**WORK TASK:**
Repeat the data exactly. Pictures stay out.

**MATERIAL PROVIDED:**
---*---

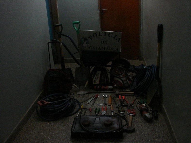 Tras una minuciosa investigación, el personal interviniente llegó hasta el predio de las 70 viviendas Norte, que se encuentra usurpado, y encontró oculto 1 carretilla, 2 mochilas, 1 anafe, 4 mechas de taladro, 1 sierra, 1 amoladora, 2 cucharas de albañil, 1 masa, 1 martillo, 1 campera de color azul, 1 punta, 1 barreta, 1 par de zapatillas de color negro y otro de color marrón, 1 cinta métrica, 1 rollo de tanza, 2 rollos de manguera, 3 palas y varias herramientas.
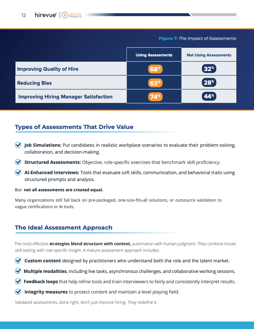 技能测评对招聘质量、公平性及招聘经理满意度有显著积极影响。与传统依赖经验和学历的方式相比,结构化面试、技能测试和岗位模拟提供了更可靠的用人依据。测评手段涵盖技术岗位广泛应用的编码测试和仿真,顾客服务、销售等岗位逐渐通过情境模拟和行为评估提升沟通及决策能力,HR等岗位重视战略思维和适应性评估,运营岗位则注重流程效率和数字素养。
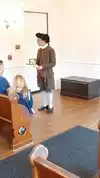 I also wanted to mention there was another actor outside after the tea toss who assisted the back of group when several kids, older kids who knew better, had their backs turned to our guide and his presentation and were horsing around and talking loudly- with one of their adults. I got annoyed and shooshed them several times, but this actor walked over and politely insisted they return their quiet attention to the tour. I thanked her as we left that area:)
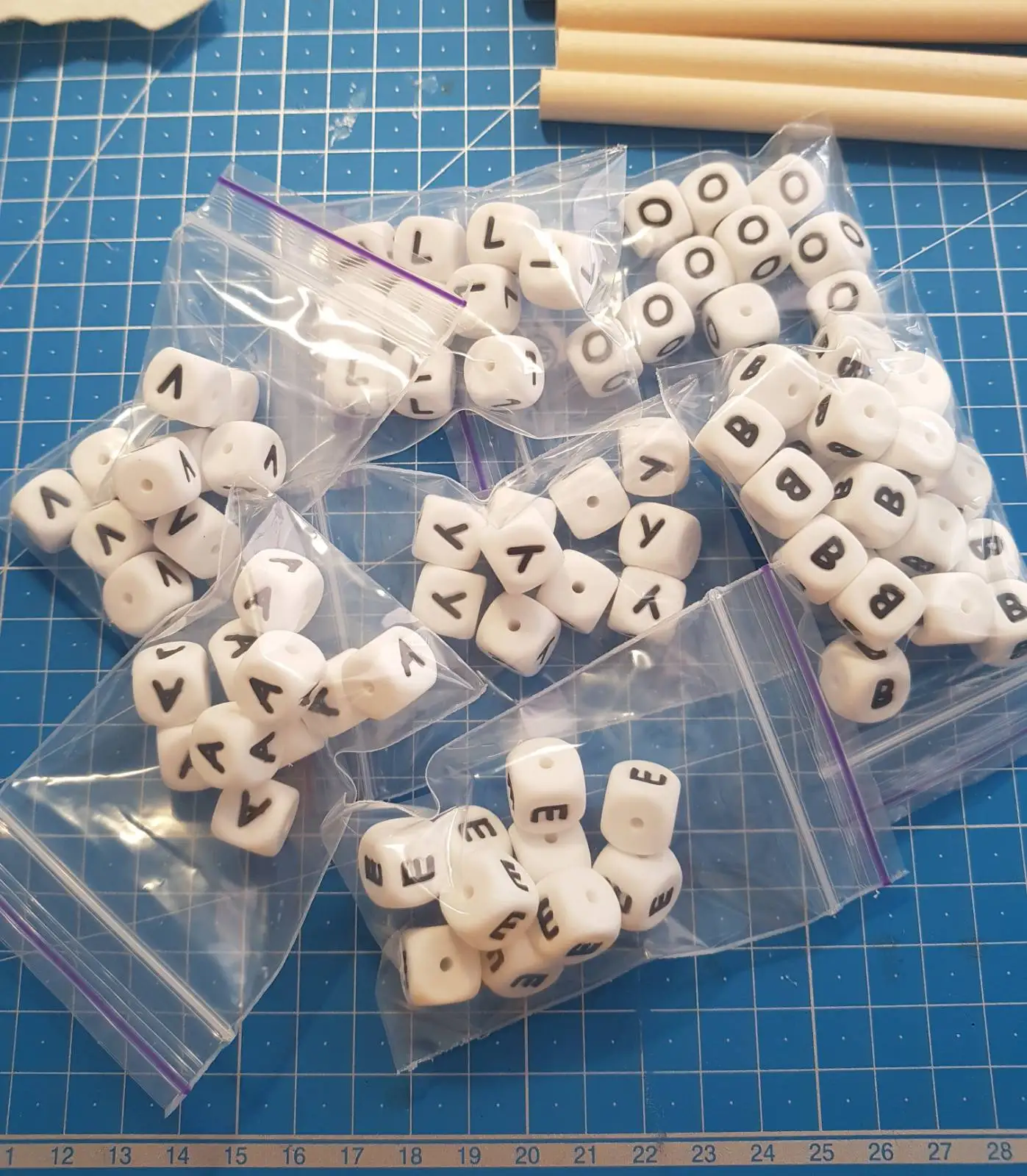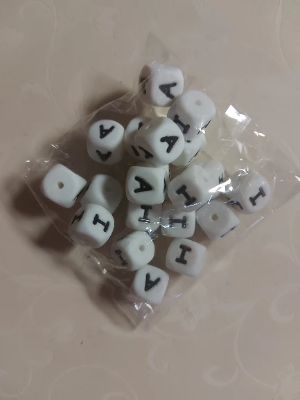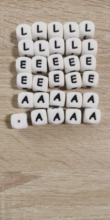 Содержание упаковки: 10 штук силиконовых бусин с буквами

---*---

**SOLUTION TO THE EXERCISE:**
 Tras una minuciosa investigación, el personal interviniente llegó hasta el predio de las 70 viviendas Norte, que se encuentra usurpado, y encontró oculto 1 carretilla, 2 mochilas, 1 anafe, 4 mechas de taladro, 1 sierra, 1 amoladora, 2 cucharas de albañil, 1 masa, 1 martillo, 1 campera de color azul, 1 punta, 1 barreta, 1 par de zapatillas de color negro y otro de color marrón, 1 cinta métrica, 1 rollo de tanza, 2 rollos de manguera, 3 palas y varias herramientas.
 技能测评对招聘质量、公平性及招聘经理满意度有显著积极影响。与传统依赖经验和学历的方式相比,结构化面试、技能测试和岗位模拟提供了更可靠的用人依据。测评手段涵盖技术岗位广泛应用的编码测试和仿真,顾客服务、销售等岗位逐渐通过情境模拟和行为评估提升沟通及决策能力,HR等岗位重视战略思维和适应性评估,运营岗位则注重流程效率和数字素养。
 I also wanted to mention there was another actor outside after the tea toss who assisted the back of group when several kids, older kids who knew better, had their backs turned to our guide and his presentation and were horsing around and talking loudly- with one of their adults. I got annoyed and shooshed them several times, but this actor walked over and politely insisted they return their quiet attention to the tour. I thanked her as we left that area:)
 Содержание упаковки: 10 штук силиконовых бусин с буквами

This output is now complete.